Have you written a story?
Did you write a quick journal entry?
Did you write down a secret?
Did you write a quick journal entry?
Did you write down a secret?
Okay, so take out that scrap of paper, tuck
it away somewhere, behind a wall board, in the shed, under a stepping stone in
the walkway. (Better wrap it in something durable.) Put it in a jar to exist among the nails and screws in the shop.
Maybe it will be found, maybe it won’t.
Think of Anne Frank’s
diary kicked aside by a Gestapo’s boot?
I’m not saying our addition will be as illustrious as Anne
Frank’s—who wants that experience—but we have a song to sing.
Isn’t it fun to find a recipe written in your
grandmother’s own hand?
Our ancestors lived and loved had lives like
ours, or not like ours, we want to hear about
that.
Did they stand
on a hillside, eyes cast skyward and ask some of the same questions we are asking? Did they rail at God?

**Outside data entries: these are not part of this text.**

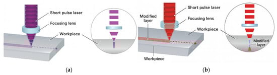 (a) Laser slicing (ablation) (focused spot size: 1–20 μm typically and 5–20 μm for faster processing), (b) stealth dicing (SD) (focus spot size: 1–5 μm for stealth dicing). (arrow represents scanning direction).
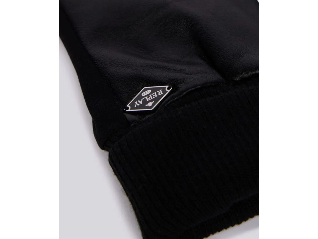 Detaily: designové, kožené rukavice s nápletem, na levé rukavici je nerezové logo REPLAY s černým podkladem
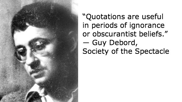 “Quotations are useful in periods of ignorance or obscurantist beliefs.” ― Guy Debord (born on this date in 1931)
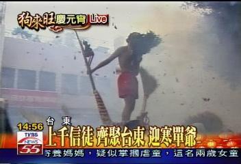 據了解,昨天的陣頭繞境是在臺東市的南北向道路上,今天則是東西向街道,今天晚間7時30分,隊伍將陸續進入臺東市天后宮表演“謝神”后解散;“炮炸寒單爺”今天還有7場次,最熱鬧一場是將于今晚7時在臺東海濱公園舉辦的“南蜂炮、北天燈、東寒單”的大會師。(云鵬) |
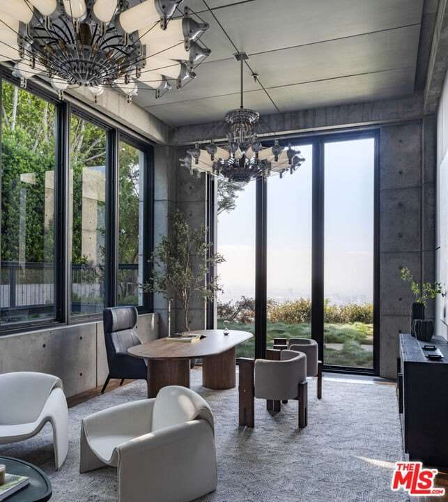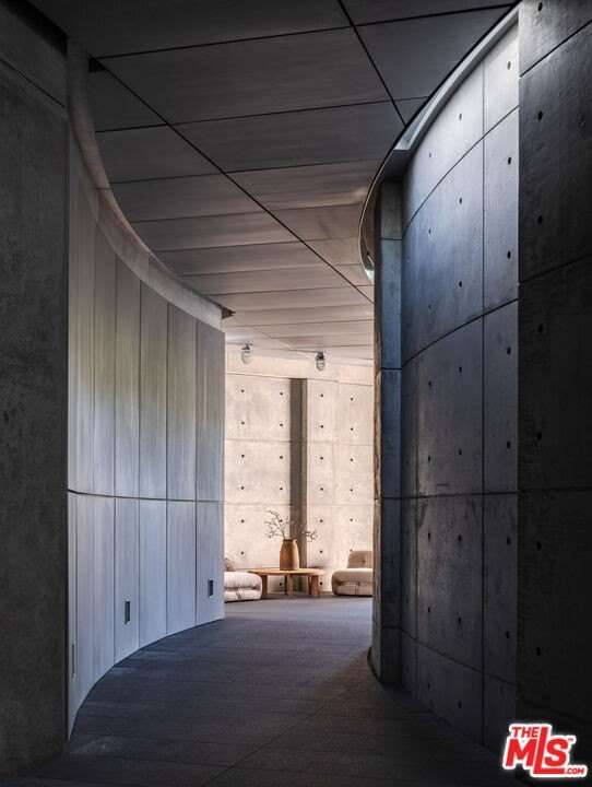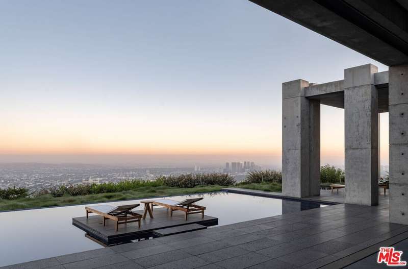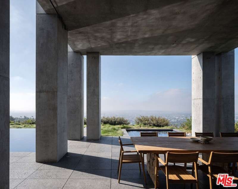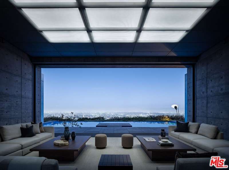 Set at the top of Trousdale, this unparalleled estate is a bold exploration of raw precision, industrial elegance, and sculptural architecture, all while capturing sweeping 180-degree southern views. Designed and built by the acclaimed ID Group, the home centers around a circular motor court enveloped by rhythmic board-formed concrete. Monolithic walls serve as both privacy buffers and dynamic light sculptures, casting dancing shadows from sunrise to dusk. Inside, the architectural intent continues with oversized concrete volumes, perforated metal ceilings, and brushed steel detailing. Framed views of the city and ocean command attention, most dramatically from the main living room, where a retractable glass wall opens to an infinity-edge pool and a horizon that stretches across the Los Angeles skyline. One of the home's most striking features, a fully exposed concept motorcycle, is installed beneath a skylit entry, serving as a dramatic showpiece. Skylights and deep architectural reveals filter daylight through the interiors, creating a constantly shifting interplay of light and shadow. Resort-caliber amenities include a state-of-the-art theater, a spa-inspired primary bath, manicured grounds, walk-in humidor, and meticulously curated one-of-a-kind fixtures. Every element of the home, from its structural form to its bespoke finishes, has been purposefully designed, making 410 Trousdale a truly singular modernist retreat in the heart of Beverly Hills.
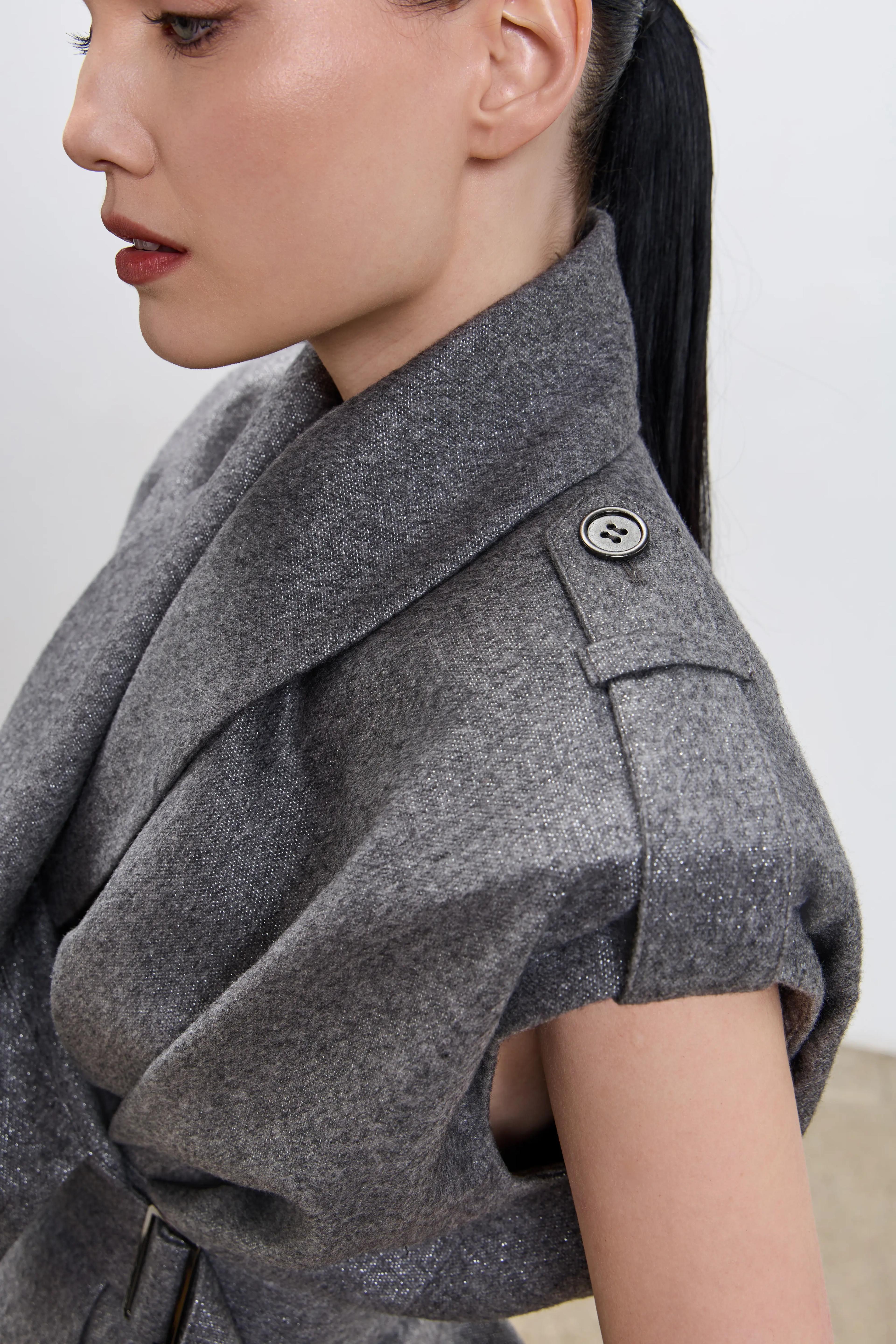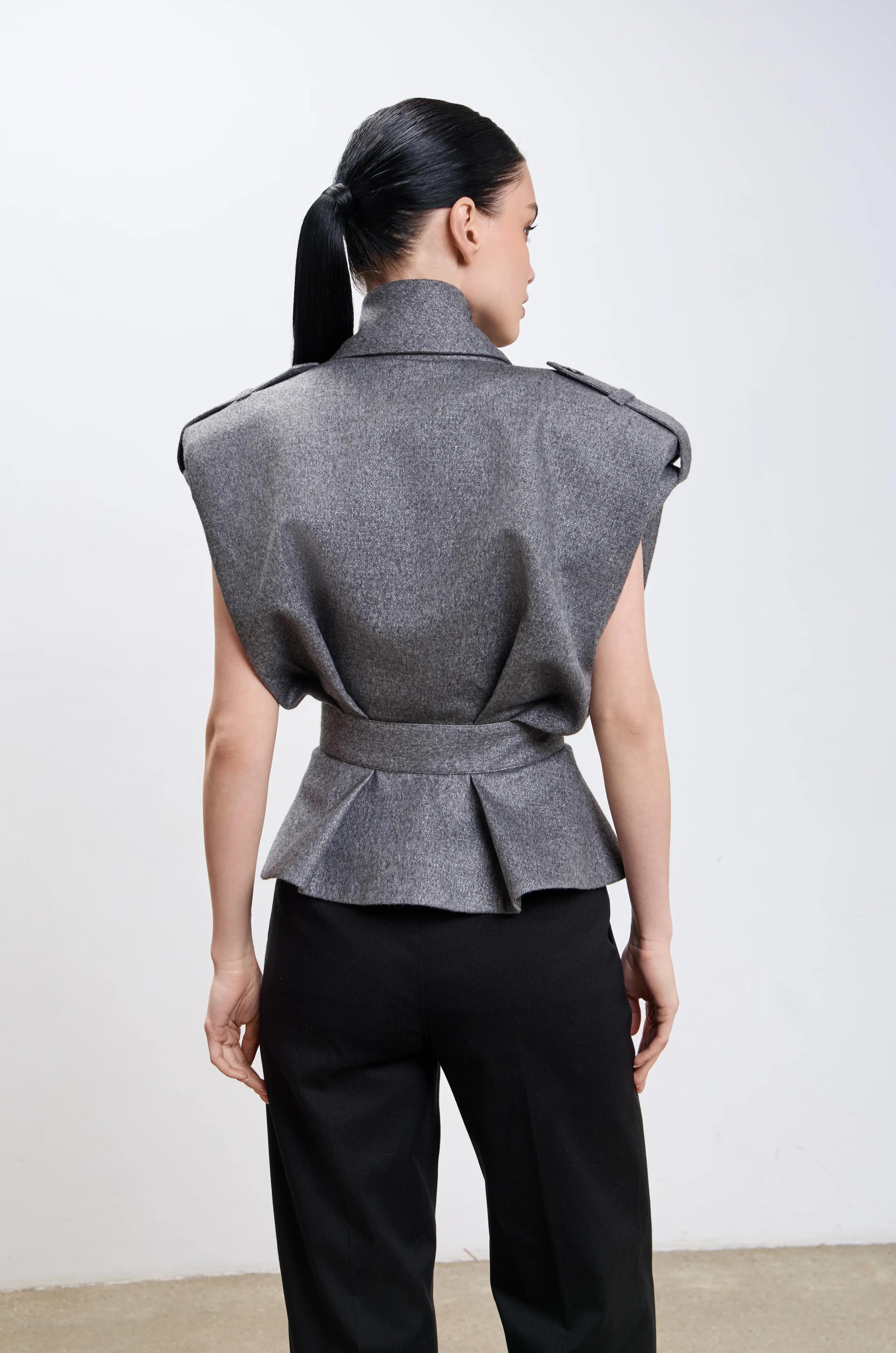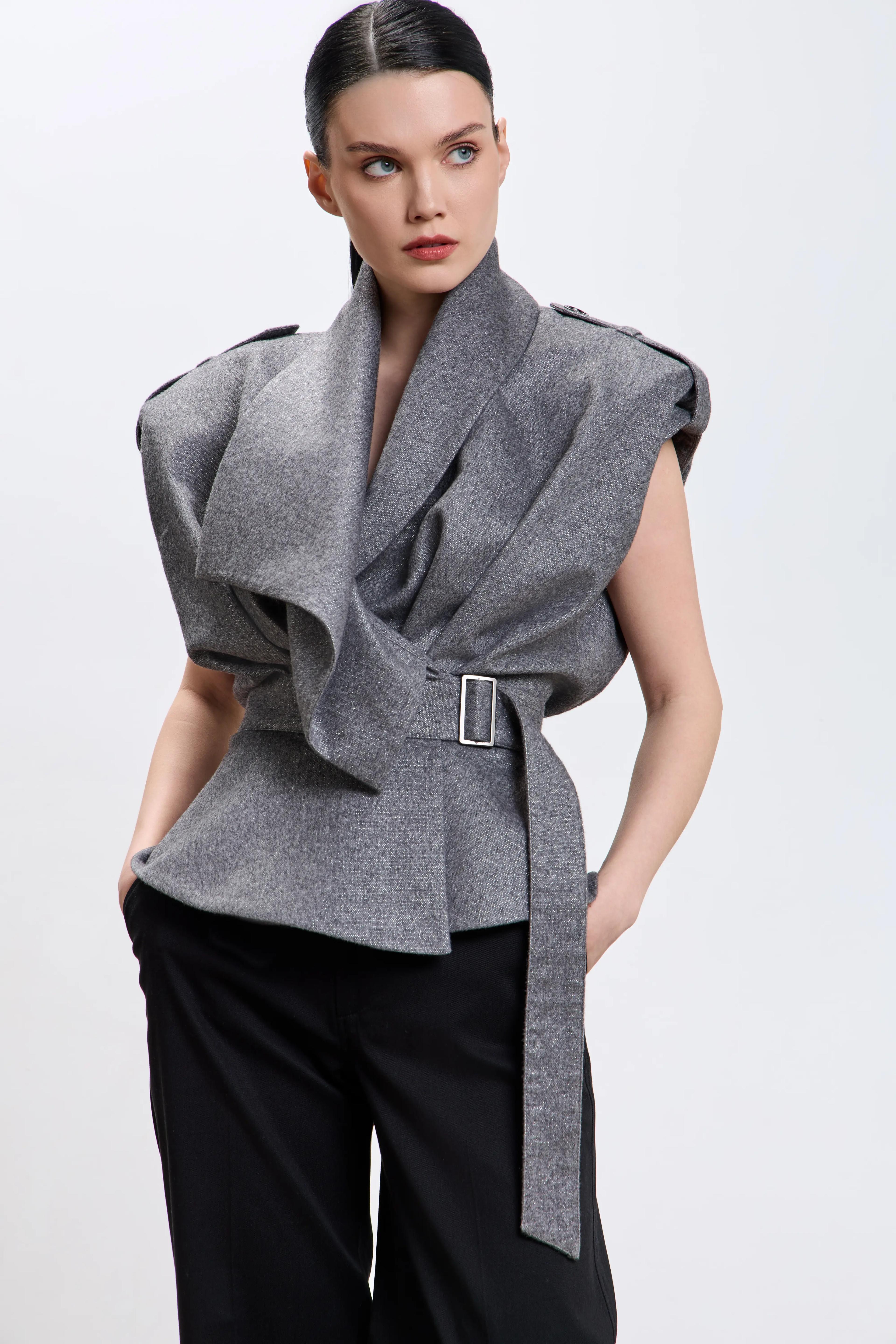 Визитная карточка бренда- жилет с объёмными плечами, выполнен из мягкого материала с кашемиром.
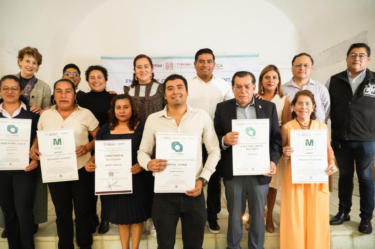 También, se entregaron: dos distintivos Moderniza (M), dos Cédulas del Sistema de Clasificación Hotelera (SCH) y 18 distintivos Punto Limpio; los cuales reconocen los altos estándares de calidad de los establecimientos y garantizan que los servicios ofrecidos cumplan con niveles de excelencia y expectativas de las y los turistas.
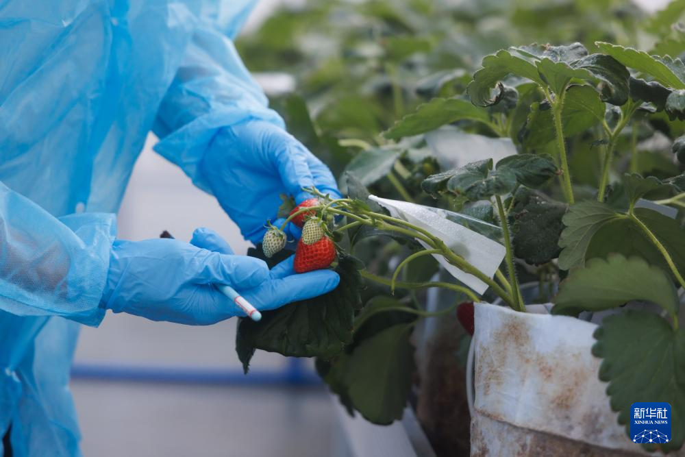 12月11日,在位于海南省三亚崖州湾科技城月亮岛的植物隔离苗圃,海关关员检查进境草莓苗生长情况。
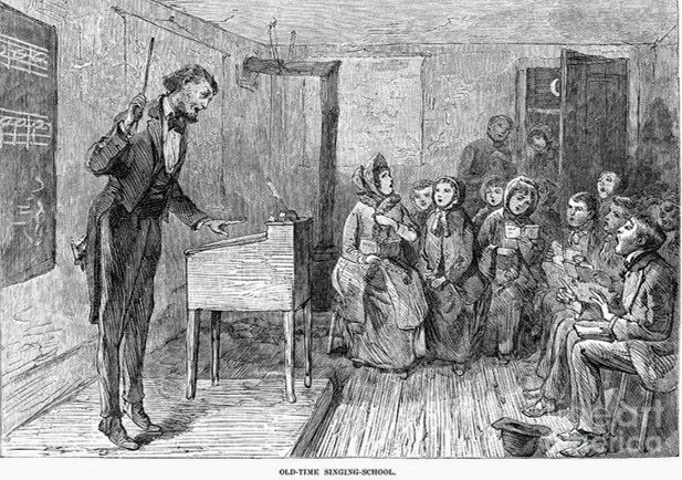 Now a good education requires a well rounded curriculum. But in the early part of Chesterfield’s history, its purpose was to learn to write with “a good hand”, set down thoughts “while warm”, and accurately account. Children's exposure to music was reserved for church and maybe folk tunes at home. The First Great Awakening (1730 - 40s) started revolutionizing church music and the Revolutionary period saw the need to replace English sacred music with a more American sound. Thus, rose the popularity of Singing Schools, a New England phenomenon which would spread throughout the south and west.
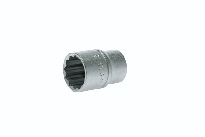1/2" drive 12 point regular AF socket made from chrome vanadium with a satin finish. DIN 3120/3124/ISO 2732
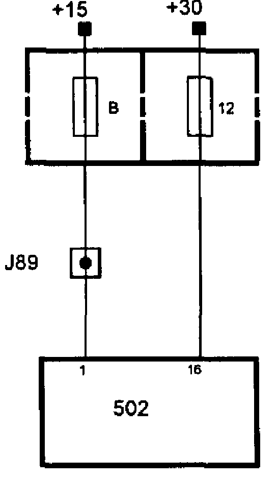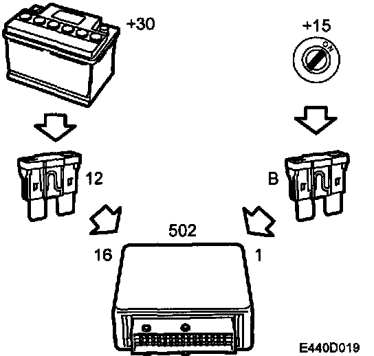 +30 current is fed via fuse 12 to control module pin 16. The control module uses +30 current for the bus function when the ignition is in position OFF (+15).
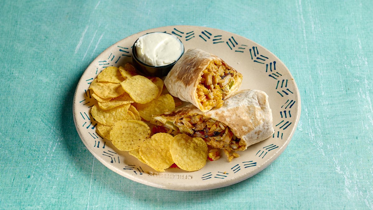 Με ψητό κοτόπουλο, φρέσκια ντομάτα, ρύζι και τυρί. Συνοδεύεται από nachos και sour cream
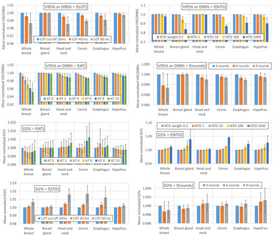 Figure 1 and Figure 2 show the impact of variations in the AT, LOT cutoff, NTO, and number of optimization rounds, respectively, on the BOT and PTV dosimetric indices. For simultaneous integrated boost (SIB) locations, only the PTV with the highest dose is considered. The impact of these parameters on the main OAR dosimetric indices is illustrated in Figure 3 (neither all the indices listed in Appendix B nor the number of optimization rounds are shown for clarity; these data can be found in the data repository and in Appendix D). Each value is the average value of the six patients for each location. The AT variation values are averaged over the three LOT values, and the LOT variation values variation values are averaged over the six AT values. The values are normalized to the first value of each studied parameter to analyze the variation in the parameters.
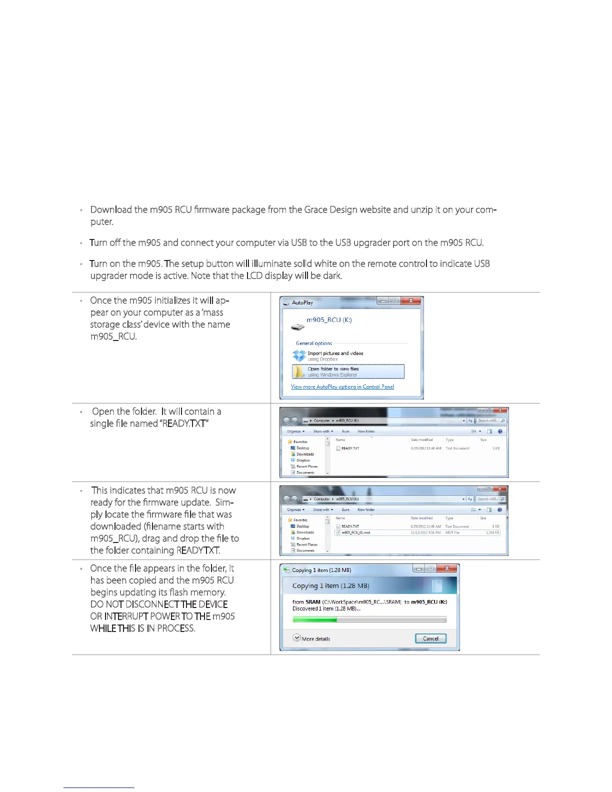 • Download the m905 RCU firmware package from the Grace Design website and unzip it on your com-
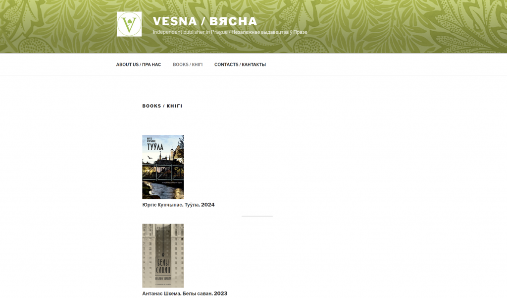 Vesna — незалежнае выдавецтва, задуманае як прадаўжальнік традыцыі беларускага кнігадрукавання ў Празе, якое выдае якасную арыгінальную і перакладную літаратуру. Гісторыя праекта пачалася 4 гады таму з выхаду рамана Мойшы Кульбака «Панядзелак», перакладзенага на беларускую мову адным з заснавальнікаў выдавецтва Сяргеем Шупам. Ёсць кнігі Альгерда Бахарэвіча, Юлі Цімафеевай, Джорджа Оруэла і іншых. Нядаўна з літоўскай мовы быў перакладзены раман Юргіса Кунчынаса «Туўла».

It was a secret railing, but
grand kids, great grand kids, and great great grand kids ought to know about it.
Except it has blown away…
You might find that the people who inhabited
your old house, or that dilapidated farm
in the country, a foundation now of crumbling concrete, with vines encrusted,
once belonged to your grandparents. And each spring daffodils, those planted when
the house was young, come up trying to tell the story of those who lived in
that house.
Were those daffodils fertilized by the dust of
human experience?
Maybe some of that dust came to
you, it sat on your bureau, you wiped it up with a damp cloth, you threw it in
the washing machine. It went into the sewer, into the water purification plant, whoa, perhaps you drank it, a part of it went into the ocean.
In the ocean it dissolved
among all the many other droplets. As mist it flew off the crest of a wave blown by the
wind. It collected in the sky, joined by a million other droplets, and the
cloud that they made, when its belly was full, rained, and watered the daffodils.